Trump and his cyber-bully pulpit
Mike Myer conveniently confuses the medium and the message
Today's Mike Myer's column in the Wheeling Intelligencer attacks his usual targets: liberals, progressives, and the media in defense of Donald Trump. It begins:
Strange, isn’t it, how a strategy used by an icon of progressivism suddenly has become idiotic and irresponsible in the eyes of many progressives?
Myer then explains how progressive president Theodore Roosevelt used the press for his "bully pulpit" and then likens it to how Donald Trump uses it:
Trump has just moved on and eliminated the middle man and woman. He understands he doesn’t need the news media to give him a bully pulpit.
Trump has Twitter. His tweets allow him to curry favor with existing supporters, whip up enthusiasm for him and his ideas, and tell the opposition where to go.
He can reach more people more quickly — and immediately — through social media than he ever could by relying on the press, even if he had a group of fawning journalists like Roosevelt’s (and, by the way, Franklin Roosevelt’s).

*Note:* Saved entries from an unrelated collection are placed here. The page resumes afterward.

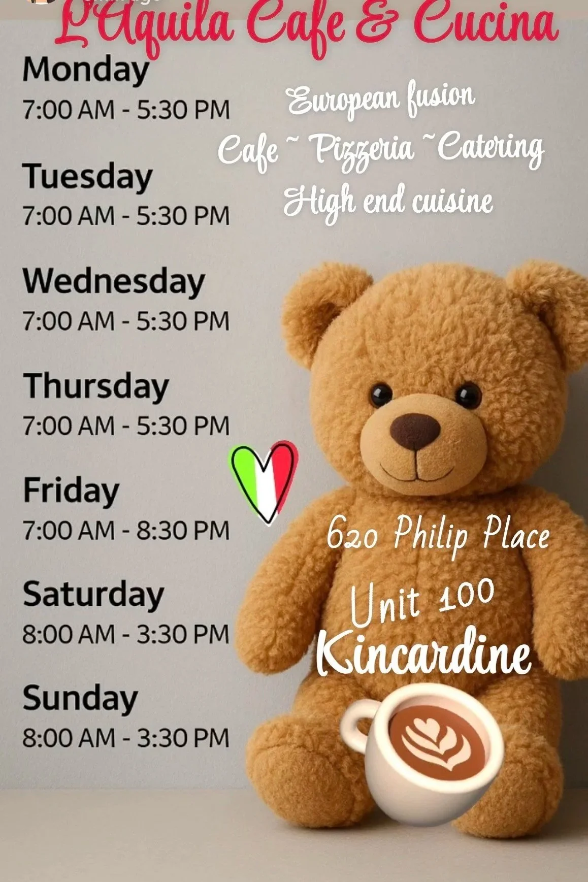 L’Aquila Café & Cucina is a high-end, European-inspired café and culinary brand located in Kincardine, Ontario. The café blends Italian café culture with modern convenience, offering handcrafted espresso beverages, premium cold brews, artisanal pastries, hot lunch options, grab-and-go items, and specialty retail products. L’Aquila Café serves both the general public and the regional workforce, including Bruce Power and local contractors, offering a mix of dine-in, takeout, catering, and workplace meal services.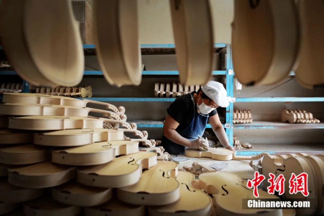 两年来,陈霞每天重复同样的动作:弯着腰,手持电动螺丝机给乐器上琴弦。她说:“力道很重要,稍微一点差池就会影响音质。这份工作就是熟能生巧,现在完全是凭感觉,一天可以安装三四十把提琴的琴弦。”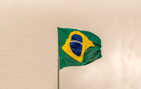 Brazil's flag. Flag fluttering in the wind. Symbol of the Brazilian homeland. Pavilion. National symbol. Cloudy blows. Rain clouds.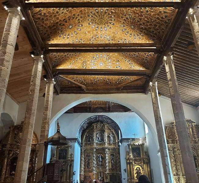 The pillars support coffered ceilings covering the whole church, except the main chapel. The Epistle front is Catholic Monarch style. There is an image of the Assumption by Alejo de Vahía dating from the 15th century.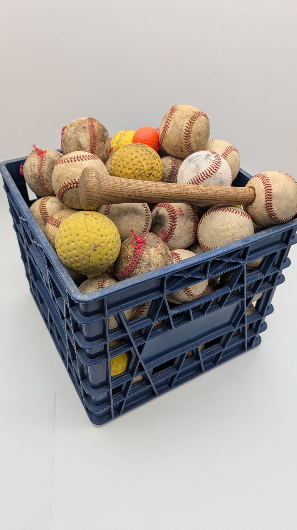 Milk crate full of Baseballs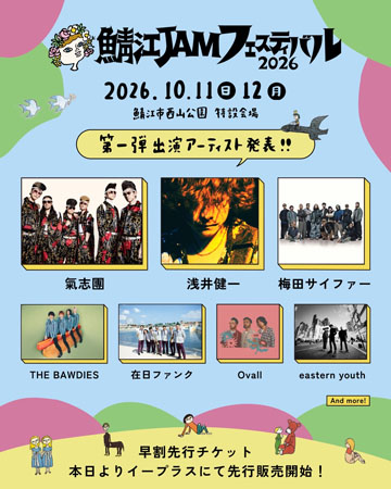 この反響を受け、今年は「鯖江 JAM フェスティバル 2026」として新たに開催。ジャンルを越えて響き合う多彩なステージと街や地域の文化・感性が交差する空間づくりを通じて、西山公園という自然に開かれたロケーションで“鯖江スタイル”の音楽フェスをさらに発展させる。

And here is his conclusion:
The left hates it, even though the basic idea was used with great success by one of their idols.
So even though Roosevelt used the media and Trump is going around mainstream media, they're using the same strategy? Huh?

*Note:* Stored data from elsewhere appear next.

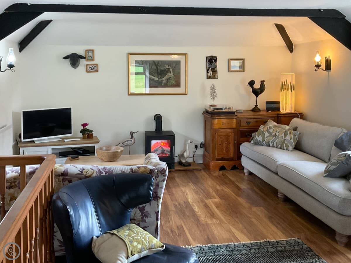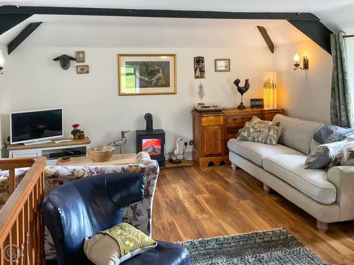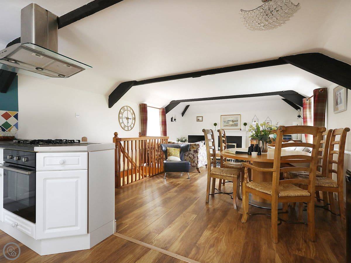 The layout is a bit different because it was a stable originally. The main living area and kitchen are on the first floor. That's where you get the best views from the windows, over the fields and forest. The stairs are normal.
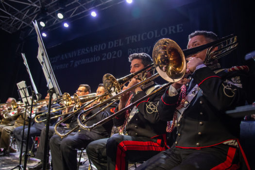 Una serata non stop, durata oltre tre ore tra brani musicali e testimonianze storiche e umane legate alla bandiera, condotta dall’applauditissima Lucia Petraroli, nota e apprezzata giornalista televisiva. Da brani e inni dell’Italia preunitaria a motivi celebri del Risorgimento e del periodo a cavallo tra i due secoli, come il brano «Echi di trincea» in ricordo dei soldati della Grande Guerra. Ma non sono mancati, da ultimo, anche testimonianze musicali più recenti come l’inossidabile «Moment for Morricone».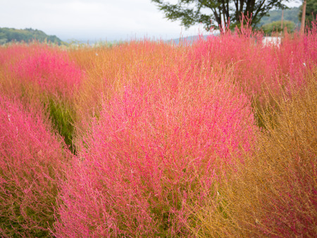 Close up of kochias plant in autumn at Kawaguchiko lake , Yamanashi prefecture , Japan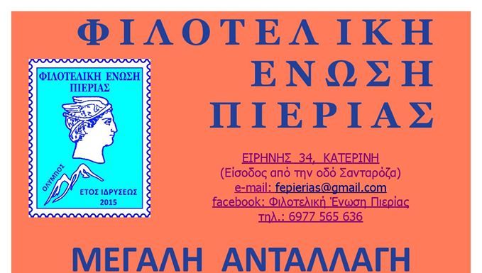 Μεγάλη ανταλλαγή και προσφορά γραμματοσήμων από την Φιλοτελική Ένωση Πιερίας, θα πραγματοποιηθεί την Κυριακή 01/12 και ώρα 11:00 στο Εντευκτήριο της Φ.Ε. Πιερίας. Εξέταση λαχνών:...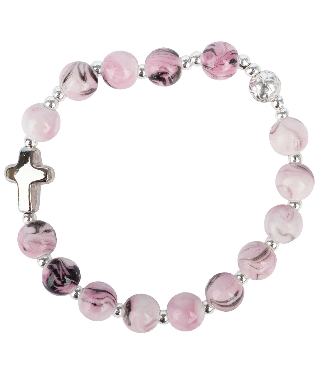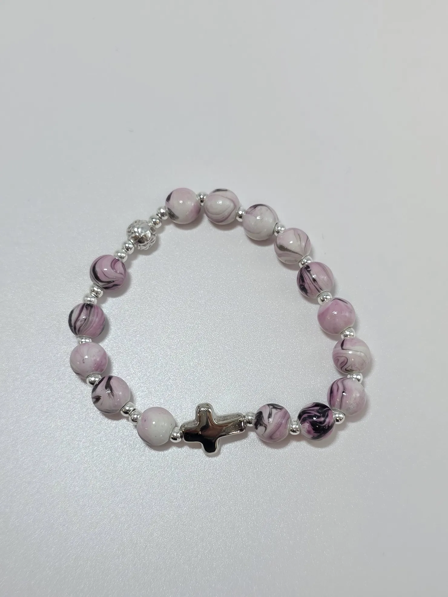 Růženec desátek s fialově žíhanými korálky na gumičce a s křížkem stříbrné barvy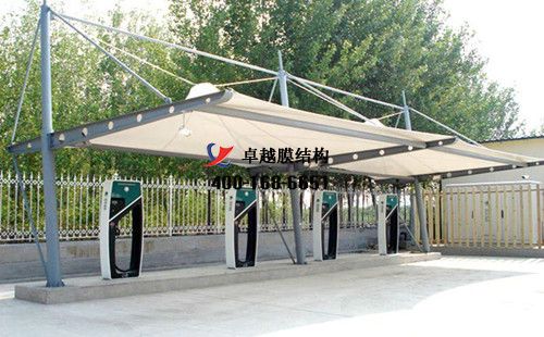 膜結構充電站樁車棚設計、施工項目,效果及簡介如下: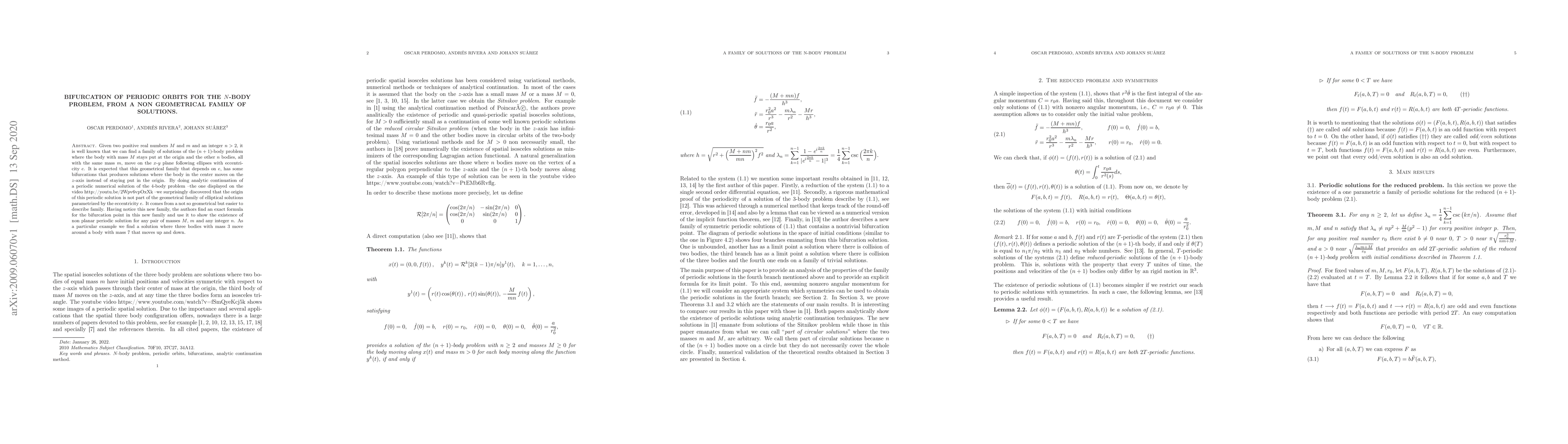 Given two positive real numbers $M$ and $m$ and an integer $n>2$, it is well known that we can find a family of solutions of the $(n+1)$-body problem where the body with mass $M$ stays put at the origin and the other $n$ bodies, all with the same mass $m$, move on the $x$-$y$ plane following ellipses with eccentri\-city $e$. It is expected that this geometrical family that depends on $e$, has some bifurcations that produce solutions where the body in the center moves on the $z$-axis instead of staying put in the origin. By doing an analytic continuation of a periodic numerical solution of the $4$-body problem --the one displayed on the video http://youtu.be/2Wpv6vpOxXk --we surprisingly discovered that the origin of this periodic solution is not part of the geometrical family of elliptical solutions parametrized by the eccentricity $e$. It comes from a not so geometrical but easier to describe family. Having noticed this new family, the authors find an exact formula for the bifurcation point in this new family and use it to show the existence of a non-planar periodic solution for any pair of masses $M$, $m$, and any integer $n$. As a particular example, we find a solution where three bodies with mass $3$ move around a body with mass $7$ that moves up and down.

Of course, Myer is using one of his straw men. Liberals/progressives aren't complaining about the medium (Twitter), they're complaining about the message. Does Trump use his "bully pulpit" to get the word out on policy issues? Hardly. No, his Twitter account is used to attack a reviewer who didn't like one of his restaurants, a union leader for expressing his opinion, a former Miss Universe for putting on weight, a late-night imitator who got under his thin skin, news reporters who ask him tough questions, the parents of a Medal of Honor recipient, and, as New York Magazine recently documented:
Donald Trump’s Harassment of a Teenage Girl on Twitter Led to Death and Rape Threats
Yes, that's quite a bully pulpit although I think I prefer the term "cyberbulling."